India's little Tibet

Dreamland of all fans of the Himalayas, a true alternative to oppressed Tibet – here people are still free to do and think whatever they want. Religion is really lived in the Buddhist monasteries, not only a show for tourists. If you’re outside and on the move you’ll meet soldiers and police men (Ladakh is a sensitive border region after all) – but they are generally very friendly to westerners and guests from abroad.

Ladakh is our Home

Nowhere in India we feel more secure, we are absolute experts and know our way around the state, we know it like the back of our hand.

Facts & Figures

Ladakh is a simple travel country in the furthest north of India, people are friendly, the climate very agreeable for westerners. The only thing worrying for travellers is the high altitude of 3,500 m on average. But if you follow some simple rules, you will adapt to the high altitude in a short time. Altitude sickness is very uncommon.

The Himalayas and the culture of Tibetan Buddhism have been fascinating people for a long time. Ladakh can combine those two in a very harmonious and carefree way.

Area: 59.000 km2
Capital: Leh
Population: 270.000
Religion: 40% tibetan buddhists (66% in Leh District, 14% in Kargil District), 45% muslims (77% in Kargil District, 14% in Leh District), 15% other religions
Best time of travel: May-October (for Trekking: June-September)
Climate: Ladakh is the only region without monsoon rain in India, generally it is arid and has a low amount of precipitation. Day temperatures in summer: up to and above 30 degree Celsius

Ladakh is a land in the furthest north of India at the border of Pakistan and China. Politically it is a Union Territory, geografically the continuation of the Tibetan High Plateau. Two of the mightiest mountain chains in the world are meeting here at an altitude between 5,000 and 7,000 meters: the Himalaya and the Karakoram.

Another meeting happens between Islam and Tibetan Buddhism.The western part of Ladakh is inhabited by Muslims, the eastern part mainly by Tibetan Buddhists.

Ladakh is often called Little Tibet. This description might be accurate for the size only, but Ladakh doesn’t have to hide behind its bigger brother. Many travellers appreciate Ladakh for its active culture, very much alive opposed to Tibet, where this culture cannot be alive anymore.
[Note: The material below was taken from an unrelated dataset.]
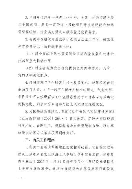 《通知》還指出,項(xiàng)目業(yè)主應(yīng)注重規(guī)?;_發(fā),至少開發(fā)建設(shè)50萬千瓦以上規(guī)模海上風(fēng)電項(xiàng)目。注意集約利用海洋資源,優(yōu)化海底送出通道布置。除大連市DL2、DL3項(xiàng)目可以采取單條海底送出通道外,其他區(qū)域每條海底送出通道容量不得低于50萬千瓦。《通知》明確,有關(guān)市發(fā)展改革委按照國家相關(guān)政策、項(xiàng)目管理權(quán)限以及上述基本要求組織海上風(fēng)電項(xiàng)目競爭配置工作,經(jīng)市政府同意后于2025年1月24日前將項(xiàng)目業(yè)主及建設(shè)規(guī)模情況上報(bào)省發(fā)展改革委,逾期未報(bào)送視為自愿放棄項(xiàng)目建設(shè)規(guī)模。

Here lives tibetan Buddhism

Tibetan Buddhism is thriving here. Monasteries are on top of sightseeing lists and there are as many monasteries as villages, every village has its own.

The three monasteries you should see while travelling Ladakh are: Thikse (one of the most beautiful), Hemis (the wealthiest) and Alchi (one of the oldest).

If you are interested in history you will be fascinated by the palaces of the former kings, the fortress ruins of souvereigns, petroglyphs from long ago and the flair of caravans who were travelling through the country for centuries. Even today you can feel that flair at the bazar of Leh.

Hearing the name High Altitude Desert might let you assume that you won’t see much diversity in this barrend land. But that assumption is completely wrong. The intense rays of the sun can create wonderful colored pictures on the rocks. You can find green oasis valleys, steep mountains, wide plains of the Changthang High Plateau, turquoise-blue and green-shimmering salt lakes at 4,000 m, sand dunes with slowly-roaming camels in the north of Ladakh, in Nubra and remote mountain villages in legendary Zanskar. This and much more is impressing travellers and photographers from all over the world.

And then of course there are the wonderful people of Ladakh

Friendly, but not intrusive; they are calm and not loud; just like their country. In many faces you can see the hard life lived at a high altitude, under a hot sun. But Ladakhis like to laugh, even while working hard – in summer there is a lot to do. Encounters with the people of Ladakh will always stay in your memory.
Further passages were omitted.